**Task requirements**: Under this line are records; the part from the line containing "Book review: domestic" through the line containing "和普通牛奶相比,它带着一股的" should be repeated exactly. Please exclude pictures.

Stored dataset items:
* * * * * * *

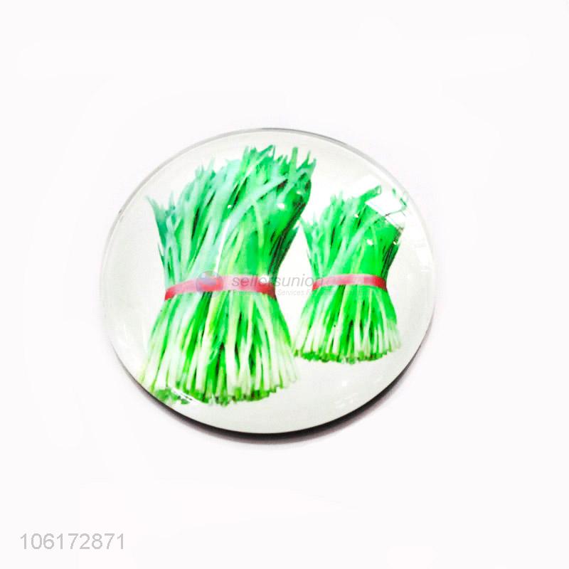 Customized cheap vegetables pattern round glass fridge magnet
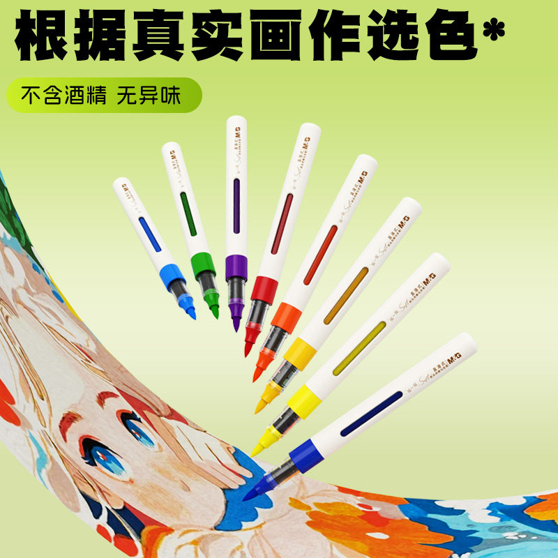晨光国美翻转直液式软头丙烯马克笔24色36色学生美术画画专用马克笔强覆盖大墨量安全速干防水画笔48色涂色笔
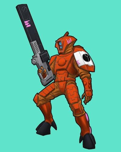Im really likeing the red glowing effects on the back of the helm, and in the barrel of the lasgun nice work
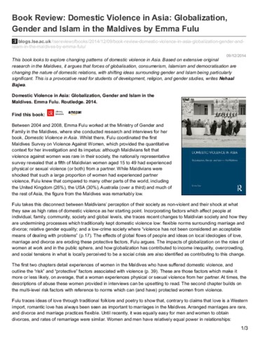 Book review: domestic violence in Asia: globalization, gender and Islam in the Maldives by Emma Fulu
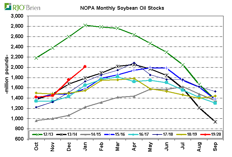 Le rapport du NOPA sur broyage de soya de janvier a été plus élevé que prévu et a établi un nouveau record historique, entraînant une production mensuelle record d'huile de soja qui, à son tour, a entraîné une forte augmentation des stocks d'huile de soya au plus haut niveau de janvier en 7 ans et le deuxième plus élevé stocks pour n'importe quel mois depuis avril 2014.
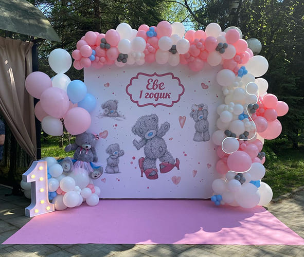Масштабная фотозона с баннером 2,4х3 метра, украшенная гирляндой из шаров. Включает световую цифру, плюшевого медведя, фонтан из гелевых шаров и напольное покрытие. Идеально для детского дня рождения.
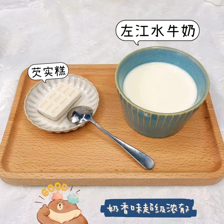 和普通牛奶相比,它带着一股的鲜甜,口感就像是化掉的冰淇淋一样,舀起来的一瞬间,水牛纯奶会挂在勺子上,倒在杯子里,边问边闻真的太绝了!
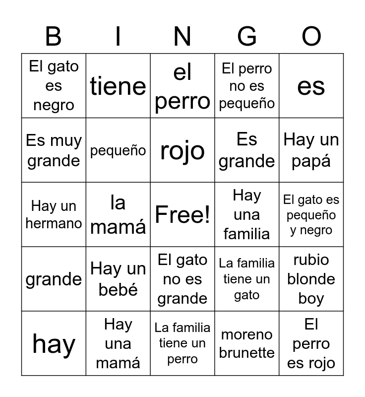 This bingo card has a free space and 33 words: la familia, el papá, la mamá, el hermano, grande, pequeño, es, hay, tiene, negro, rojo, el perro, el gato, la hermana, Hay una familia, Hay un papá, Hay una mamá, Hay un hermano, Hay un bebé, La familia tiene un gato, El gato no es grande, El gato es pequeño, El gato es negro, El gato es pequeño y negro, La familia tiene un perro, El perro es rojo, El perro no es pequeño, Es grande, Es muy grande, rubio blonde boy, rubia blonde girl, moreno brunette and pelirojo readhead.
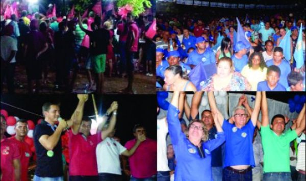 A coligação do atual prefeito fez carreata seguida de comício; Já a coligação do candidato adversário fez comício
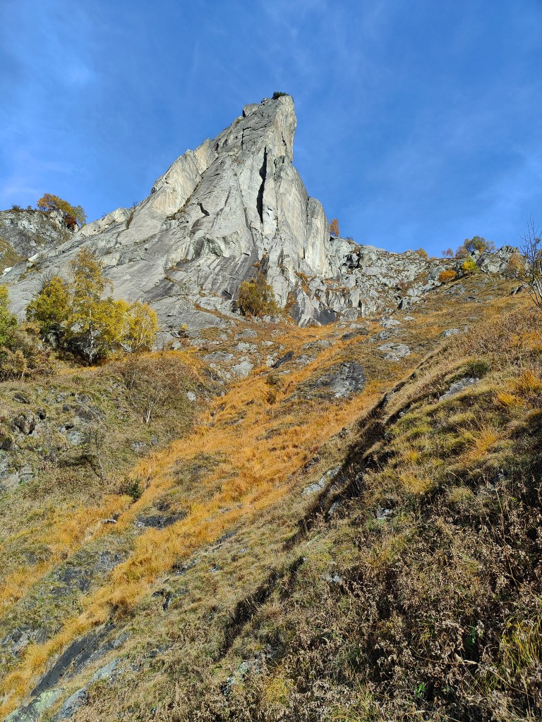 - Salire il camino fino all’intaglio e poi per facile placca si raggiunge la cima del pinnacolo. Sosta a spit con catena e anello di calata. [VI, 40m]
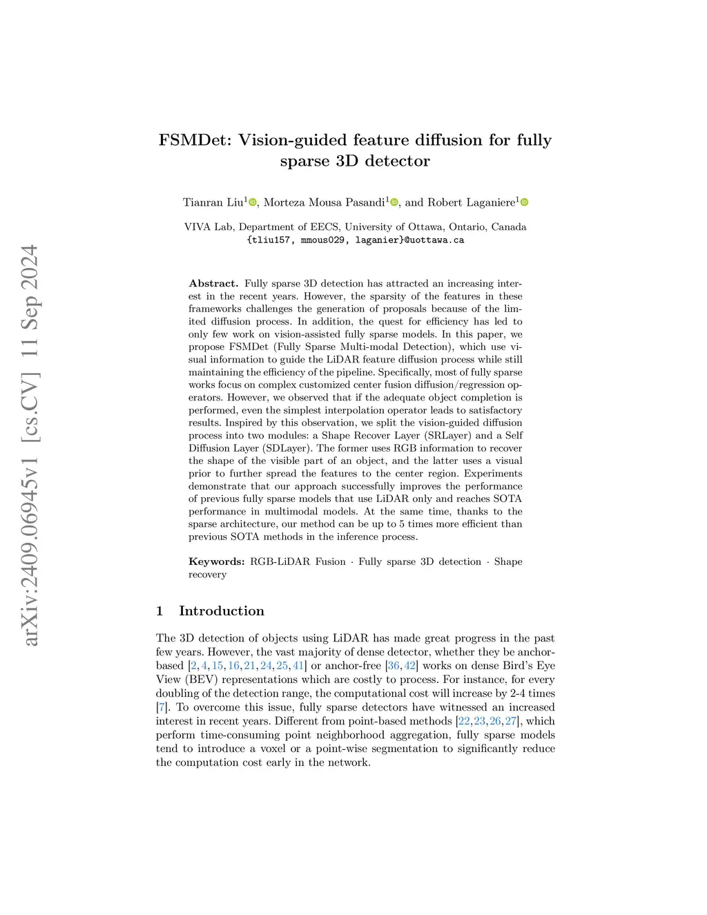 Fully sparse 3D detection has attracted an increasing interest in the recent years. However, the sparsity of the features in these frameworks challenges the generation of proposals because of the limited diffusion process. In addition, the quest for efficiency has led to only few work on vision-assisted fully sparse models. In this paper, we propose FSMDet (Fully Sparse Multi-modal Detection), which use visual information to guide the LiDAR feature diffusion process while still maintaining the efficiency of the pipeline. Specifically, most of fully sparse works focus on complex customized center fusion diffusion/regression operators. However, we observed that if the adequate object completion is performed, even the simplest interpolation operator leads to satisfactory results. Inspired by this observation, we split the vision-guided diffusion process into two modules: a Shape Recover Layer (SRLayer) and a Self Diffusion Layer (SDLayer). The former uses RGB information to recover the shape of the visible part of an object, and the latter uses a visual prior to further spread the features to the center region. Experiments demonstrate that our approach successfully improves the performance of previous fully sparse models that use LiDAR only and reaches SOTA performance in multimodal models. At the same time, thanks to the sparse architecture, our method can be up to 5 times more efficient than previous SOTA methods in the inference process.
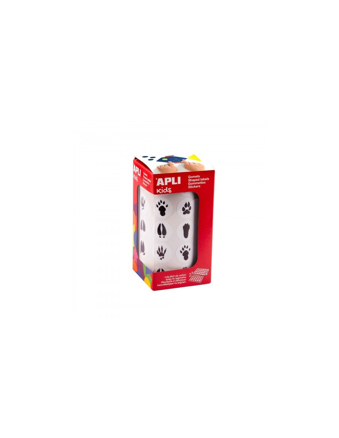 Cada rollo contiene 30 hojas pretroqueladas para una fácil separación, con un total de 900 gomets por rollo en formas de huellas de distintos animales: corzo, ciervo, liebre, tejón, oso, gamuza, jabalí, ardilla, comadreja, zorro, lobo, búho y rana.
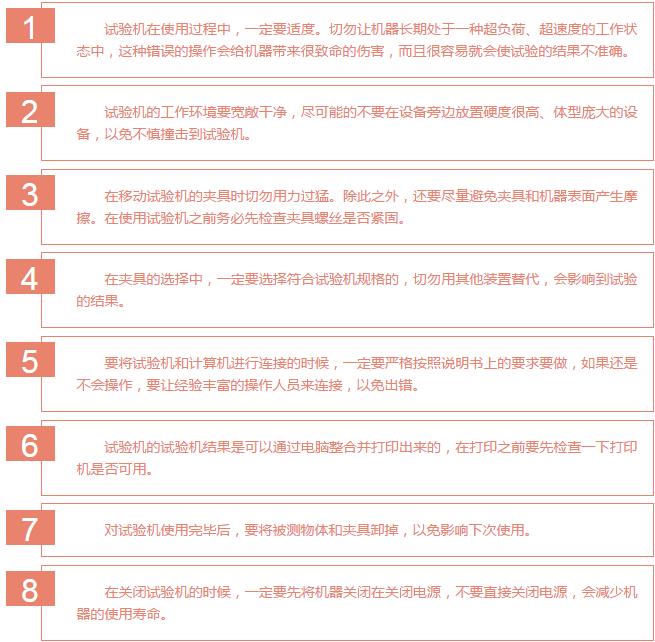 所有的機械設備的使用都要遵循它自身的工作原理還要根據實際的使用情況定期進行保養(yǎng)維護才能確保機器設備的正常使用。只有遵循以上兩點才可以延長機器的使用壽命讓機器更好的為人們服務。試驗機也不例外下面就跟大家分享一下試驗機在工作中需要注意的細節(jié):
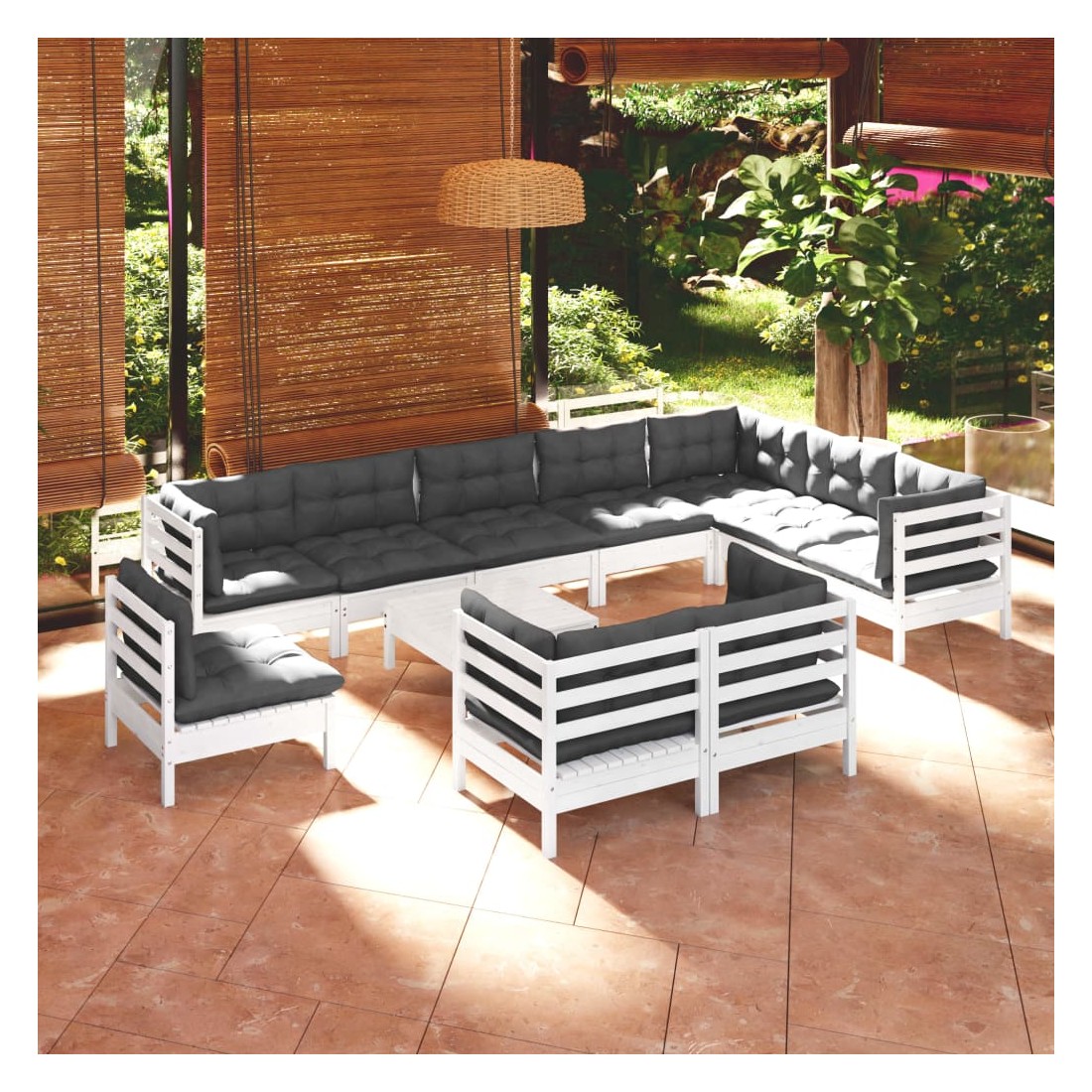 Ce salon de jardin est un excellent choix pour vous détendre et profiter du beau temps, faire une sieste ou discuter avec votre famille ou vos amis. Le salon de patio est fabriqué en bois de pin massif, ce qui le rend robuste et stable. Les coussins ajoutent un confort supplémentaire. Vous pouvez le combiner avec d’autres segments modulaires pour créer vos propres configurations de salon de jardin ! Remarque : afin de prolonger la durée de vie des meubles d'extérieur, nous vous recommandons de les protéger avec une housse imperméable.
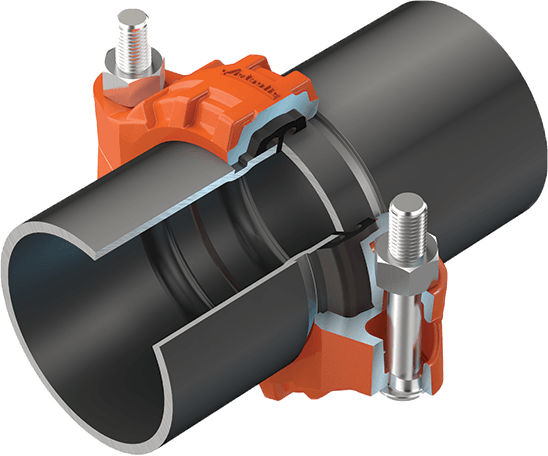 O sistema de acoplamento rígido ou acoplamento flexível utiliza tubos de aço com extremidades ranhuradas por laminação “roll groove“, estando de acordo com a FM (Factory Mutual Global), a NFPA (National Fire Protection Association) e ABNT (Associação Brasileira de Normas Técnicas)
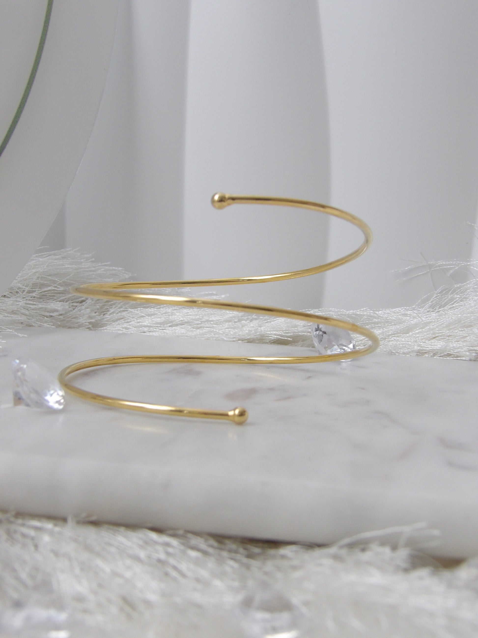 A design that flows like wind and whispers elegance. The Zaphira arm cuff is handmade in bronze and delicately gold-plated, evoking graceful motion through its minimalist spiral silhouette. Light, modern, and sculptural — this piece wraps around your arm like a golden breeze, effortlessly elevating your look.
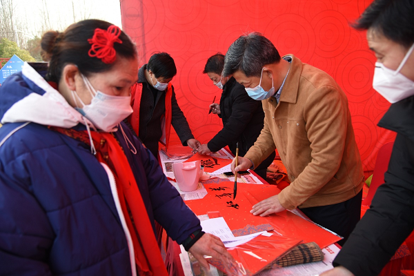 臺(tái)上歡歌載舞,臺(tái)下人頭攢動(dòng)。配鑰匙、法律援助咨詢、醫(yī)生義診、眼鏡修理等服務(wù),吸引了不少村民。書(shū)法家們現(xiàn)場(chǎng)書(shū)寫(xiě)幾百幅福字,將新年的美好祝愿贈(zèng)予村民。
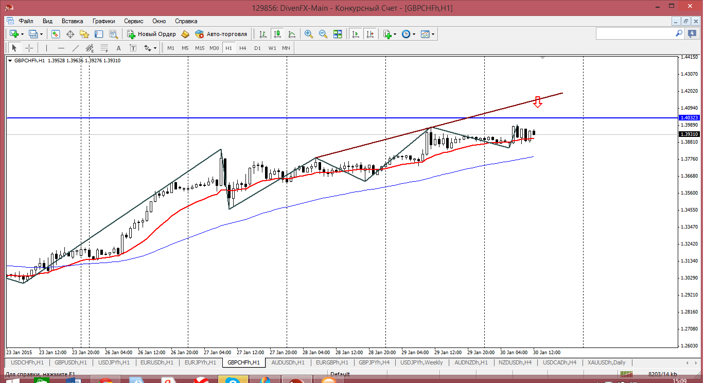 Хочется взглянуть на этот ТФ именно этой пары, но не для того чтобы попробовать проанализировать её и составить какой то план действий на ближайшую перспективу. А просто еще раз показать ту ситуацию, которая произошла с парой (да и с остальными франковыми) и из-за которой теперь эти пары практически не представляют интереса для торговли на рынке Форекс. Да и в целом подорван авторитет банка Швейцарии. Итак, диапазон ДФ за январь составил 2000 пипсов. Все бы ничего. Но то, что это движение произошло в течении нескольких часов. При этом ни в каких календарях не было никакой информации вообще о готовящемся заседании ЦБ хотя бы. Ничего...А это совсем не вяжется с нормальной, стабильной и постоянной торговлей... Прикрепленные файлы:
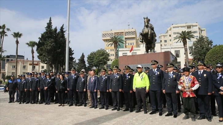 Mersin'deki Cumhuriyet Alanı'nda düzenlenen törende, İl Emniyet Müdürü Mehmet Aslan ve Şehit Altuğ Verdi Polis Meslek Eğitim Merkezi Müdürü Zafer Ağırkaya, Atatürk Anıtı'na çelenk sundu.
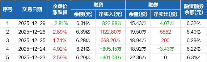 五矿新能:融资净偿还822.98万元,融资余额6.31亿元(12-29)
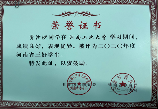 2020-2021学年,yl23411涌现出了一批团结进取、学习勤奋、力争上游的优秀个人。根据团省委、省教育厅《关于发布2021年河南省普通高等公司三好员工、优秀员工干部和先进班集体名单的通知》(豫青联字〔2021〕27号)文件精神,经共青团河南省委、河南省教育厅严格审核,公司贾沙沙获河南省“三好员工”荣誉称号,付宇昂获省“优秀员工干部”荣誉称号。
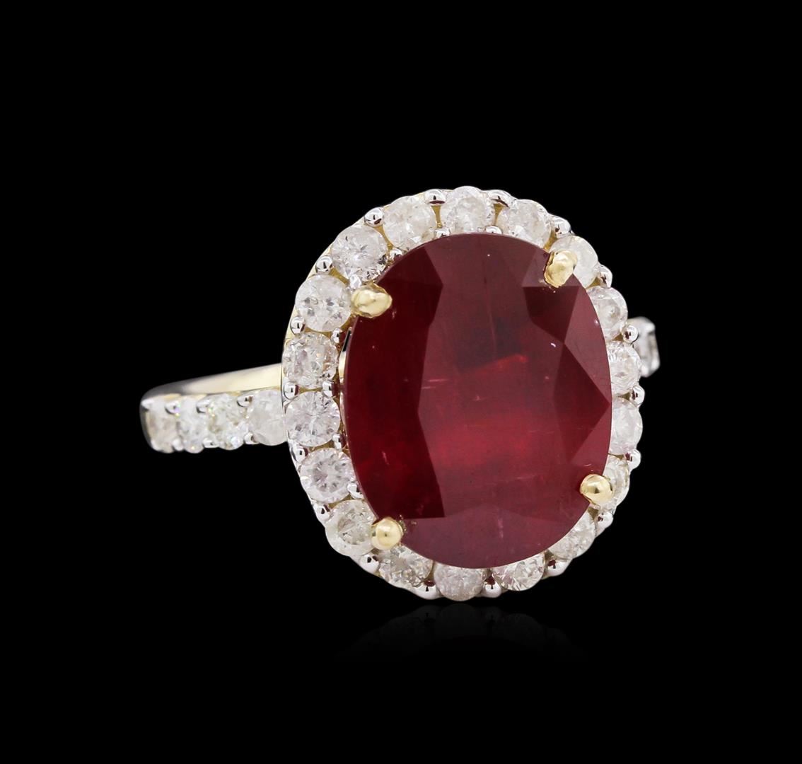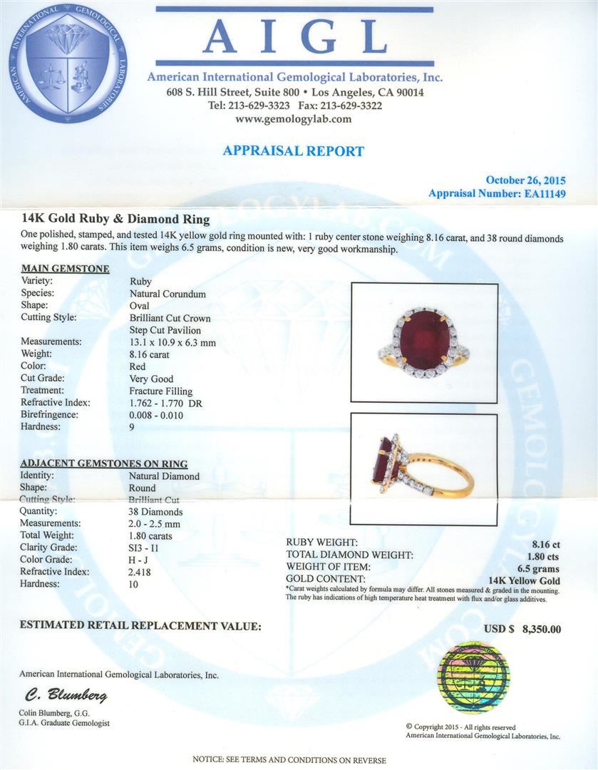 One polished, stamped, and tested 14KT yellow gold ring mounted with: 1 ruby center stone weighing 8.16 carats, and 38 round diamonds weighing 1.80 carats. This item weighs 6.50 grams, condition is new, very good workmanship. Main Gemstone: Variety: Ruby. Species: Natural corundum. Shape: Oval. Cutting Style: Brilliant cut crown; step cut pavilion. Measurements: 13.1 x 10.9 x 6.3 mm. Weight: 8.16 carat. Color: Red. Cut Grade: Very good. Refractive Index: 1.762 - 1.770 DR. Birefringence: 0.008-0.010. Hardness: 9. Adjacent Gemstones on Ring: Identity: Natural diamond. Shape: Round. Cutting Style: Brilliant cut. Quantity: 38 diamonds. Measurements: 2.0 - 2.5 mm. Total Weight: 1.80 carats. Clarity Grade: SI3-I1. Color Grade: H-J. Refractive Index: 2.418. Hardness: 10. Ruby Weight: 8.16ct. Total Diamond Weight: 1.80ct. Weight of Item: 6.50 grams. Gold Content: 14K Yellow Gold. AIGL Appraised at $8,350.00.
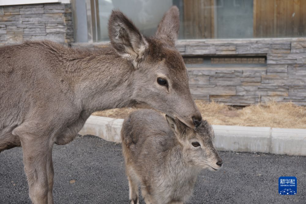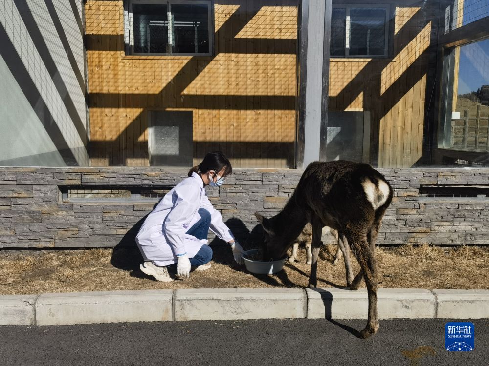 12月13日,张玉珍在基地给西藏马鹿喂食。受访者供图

* * * * * * *

**Exercise response**:
 Book review: domestic violence in Asia: globalization, gender and Islam in the Maldives by Emma Fulu
 Le rapport du NOPA sur broyage de soya de janvier a été plus élevé que prévu et a établi un nouveau record historique, entraînant une production mensuelle record d'huile de soja qui, à son tour, a entraîné une forte augmentation des stocks d'huile de soya au plus haut niveau de janvier en 7 ans et le deuxième plus élevé stocks pour n'importe quel mois depuis avril 2014.
Масштабная фотозона с баннером 2,4х3 метра, украшенная гирляндой из шаров. Включает световую цифру, плюшевого медведя, фонтан из гелевых шаров и напольное покрытие. Идеально для детского дня рождения.
 和普通牛奶相比,它带着一股的鲜甜,口感就像是化掉的冰淇淋一样,舀起来的一瞬间,水牛纯奶会挂在勺子上,倒在杯子里,边问边闻真的太绝了!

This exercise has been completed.